◆ Assigned task
Below is a listing; repeat exactly the lines from the one containing "(Wer übrigens noch" to the one containing "トップページ(イメージ)", both included.
━━━━━ Supplied records
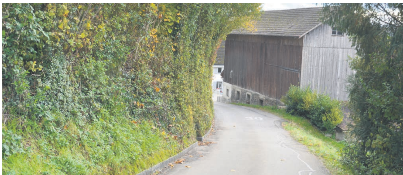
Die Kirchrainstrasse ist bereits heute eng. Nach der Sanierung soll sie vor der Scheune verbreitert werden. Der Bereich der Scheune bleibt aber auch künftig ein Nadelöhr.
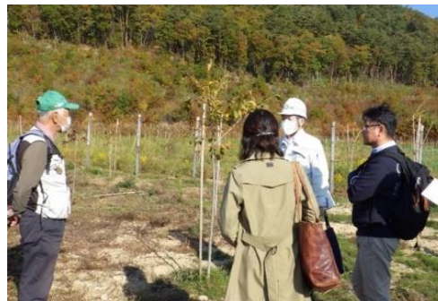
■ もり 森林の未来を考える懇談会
━━━━━━━━━━
━━━━━ Supplied records
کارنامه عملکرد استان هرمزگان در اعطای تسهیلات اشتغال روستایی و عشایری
━━━━━━━━━━
━━━━━ Supplied records
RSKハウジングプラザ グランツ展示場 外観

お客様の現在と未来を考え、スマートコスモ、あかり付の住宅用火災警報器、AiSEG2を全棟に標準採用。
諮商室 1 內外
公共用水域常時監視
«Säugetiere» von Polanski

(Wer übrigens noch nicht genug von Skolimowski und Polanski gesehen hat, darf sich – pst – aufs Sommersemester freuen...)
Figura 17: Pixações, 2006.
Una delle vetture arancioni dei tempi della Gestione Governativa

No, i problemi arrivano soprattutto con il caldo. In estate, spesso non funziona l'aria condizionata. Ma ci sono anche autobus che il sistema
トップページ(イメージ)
━━━━━━━━━━
◆ Task answer
(Wer übrigens noch nicht genug von Skolimowski und Polanski gesehen hat, darf sich – pst – aufs Sommersemester freuen...)
Figura 17: Pixações, 2006.
Una delle vetture arancioni dei tempi della Gestione Governativa

No, i problemi arrivano soprattutto con il caldo. In estate, spesso non funziona l'aria condizionata. Ma ci sono anche autobus che il sistema
トップページ(イメージ)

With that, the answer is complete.